Nobody could have predicted, etc.  You know, except for DDay and Digby, who have been warning America about the drastic cut recommendations that would of course be coming down the pike just after the midterms. no matter who won.  They've had these Peterson guys cold for over a year now.  And now, everything in Washington will be framed in the need for austerity.

I called this Catfood Commission/Alan Simpson crap back before the midterms too.  With this first report dropping, now we see what the real plan has been all along.

Oh, but it gets worse.  Also dropping today are the draft recommndations from the President's Bipartisan Fiscal Commission itself.  Its main recommendation?

Massive government spending cuts across the board.

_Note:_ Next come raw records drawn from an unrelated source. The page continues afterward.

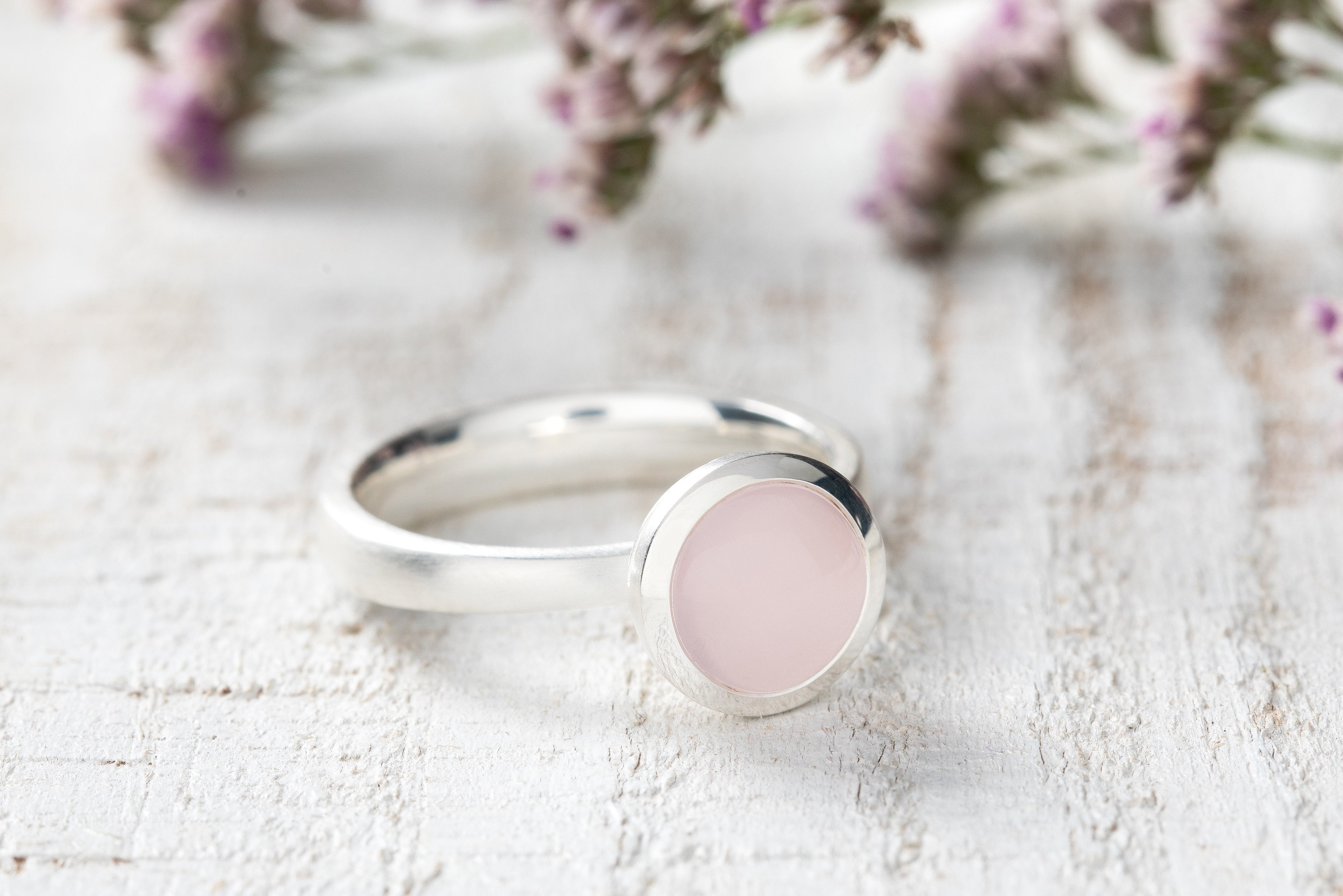Ein wunderschöner, milchig-rosaner Rosenquarz im modernen Cabochon-Schliff (1,58ct) trifft auf an der Fassung poliertes und an der Ringschiene strichmattiertes Sterlingsilber. Dieser schöne Fingerschmuck ist wertig gearbeitet und zeitlos zugleich. Ob alltäglich kombiniert oder als Höhepunkt eines farblich abgestimmten Outfits - diesen Schmuckstück lässt sich vielfältig kombinieren und es passt einfach immer. Erhältlich mit passenden Ohrsteckern und passendem Anhänger aus derselben Designline "Rose Glow".
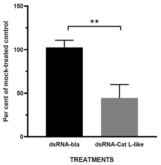 Reduction of Cat L-like mRNA transcription in haemocytes of Dipel-exposed silkworm larvae after RNAi treatment. Transcription levels of the Cat L-like gene were monitored by qRT-PCR in haemocytes from 5th instar larvae 48 h after injection of 2.5 μg dsRNA/larva of either dsRNA-Cat L-like or dsRNA-bla. Results are expressed as the per cent of mock-treated control (i.e., injected with water) after normalisation with the reference gene GAPDH. The bars represent the mean values of three independent replicates ± SE. ** p < 0.01.
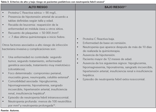 La neutropenia febril en el paciente pediátrico con enfermedad oncológica puede causar una alta morbimortalidad. La mayoría de las veces la fiebre en el paciente neutropénico febril obedece a una infección principalmente bacteriana aunque son diversos microorganismos los que pueden estar implicados. Se deben realizar estudios locales dirigidos a describir los tipos de patógenos, patrones de resistencia y susceptibilidad de los gérmenes involucrados en esta enfermedad con el fin de ayudar al clínico a tomar decisiones en el momento de instaurar una terapia empírica. Debido a que la reacción inflamatoria es escasa en los pacientes oncológicos con neutropenia, es difícil determinar el origen de la infección, por lo que es necesario realizar un examen físico minucioso y usar estudios paraclínicos que ayuden a esclarecer el foco. A pesar que la letalidad en esta patología ha disminuido en la última década, aún sigue existiendo la necesidad de desarrollar mejores métodos diagnósticos y estrategias terapéuticas, así como capacitar permanentemente al personal de la salud para que reconozca de forma temprana esta enfermedad, ya que el diagnóstico oportuno, basados en criterios clínicos y paraclínicos, la categorización del riesgo y el manejo adecuado, según los gérmenes más probablemente implicados, son la clave principal para modificar el pronóstico de esta patología.
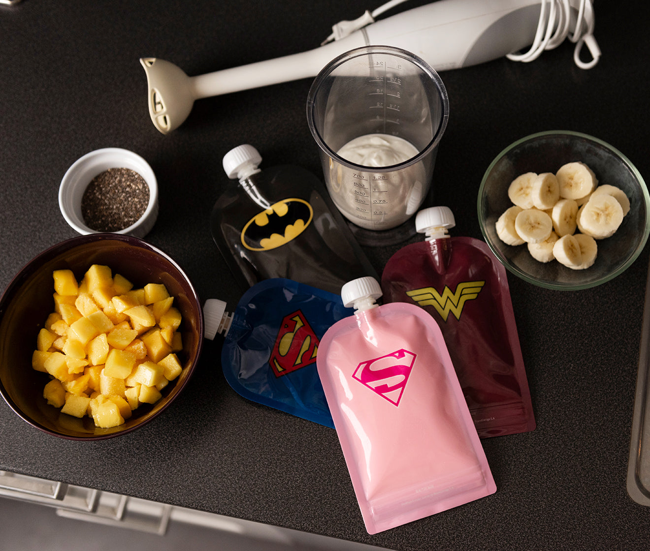 Ladda upp för heroiska måltider med våra DC Comics-klämmisar i designerna Supergirl, Superman, Batman och Wonder Woman. Fyll dem med näringsrikt mellis som ger ditt barn extra superkrafter inför dagens alla äventyr.
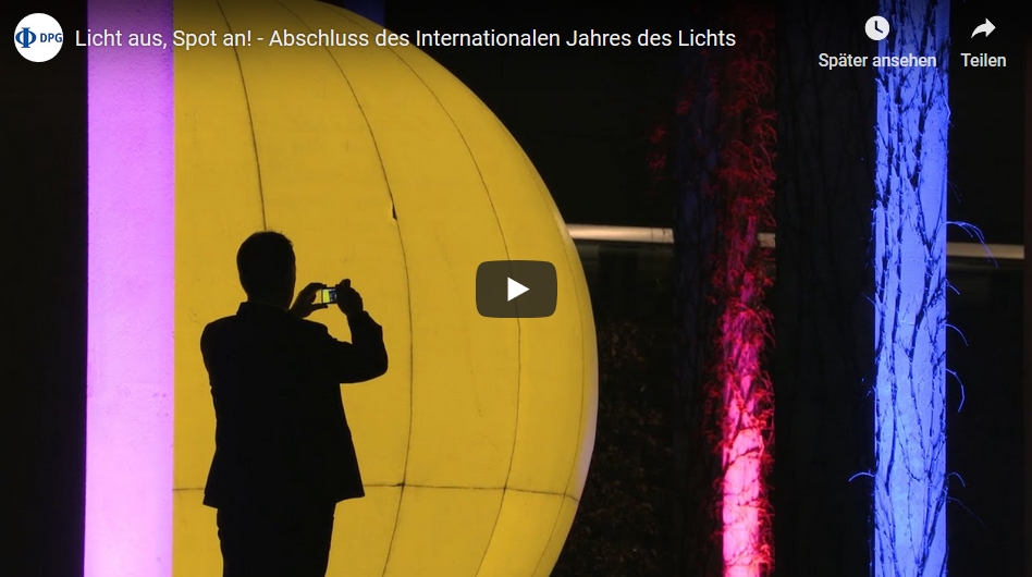 Im Rahmen des Internationalen Jahres des Lichts (IYL) lud die Deutsche Physikalische Gesellschaft (DPG) am Freitag, 9. Oktober 2015, zu einer besonderen Veranstaltung ein: Gäste aus der ganzen Welt trafen sich im Magnus-Haus Berlin, um ihre Erfahrungen zu teilen, die sie bei der Organisation des IYL in ihrem jeweiligen Land gemacht haben. Im Anschluss fand das "Lights on" des bekannten Lichterfestes vor dem Brandenburger Tor statt. Zusammen mit Verantwortlichen aus Wirtschaft und Politik drückte der Vorstand Öffentlichkeitsarbeit der DPG, Arnulf Quadt, den Startknopf. Das IYL wird in Deutschland von der DPG in Zusammenarbeit mit der Deutschen UNESCO-Kommission koordiniert.

  • Index the retirement age to longevity -- i.e., increase the retirement age to qualify for Social Security -- to age 69 by 2075.
  • Index Social Security yearly increases to inflation rather than wages, which will generally mean lower cost of living increases and less money per average recipient.
  • "Increase progressivity of benefit formula" -- i.e., means test part of Social Security benefits by 2050.
  • Increase the Social Security contribution ceiling: while people only pay Social Security taxes on the first $106,800 of their wages today, that's only about 86% of the total potentially taxable wages. The co-chairs suggest raising the ceiling to capture 90% of wages.
  • The co-chairs suggest capping both government expenditures and revenue at 21% of GDP eventually.
  • Freeze federal worker wage increases through 2014; eliminate 200,000 federal jobs by 2020; and eliminate 250,000 federal non-defense contractor jobs by 2015.
  • Establish co-pays in the VA medical system and change the co-pays and deductibles for military retirees that remain in that system.
  • Eliminate NASA funding for commercial space flight.
  • Require the Smithsonian museums to start charging entrance fees and raise fees at the national parks.
  • Eliminate funding to the Corporation for Public Broadcasting -- which many conservatives suggested in the wake of the firing of former NPR contributor Juan Williams.
  • Reduce farm subsidies by $3 billion per year.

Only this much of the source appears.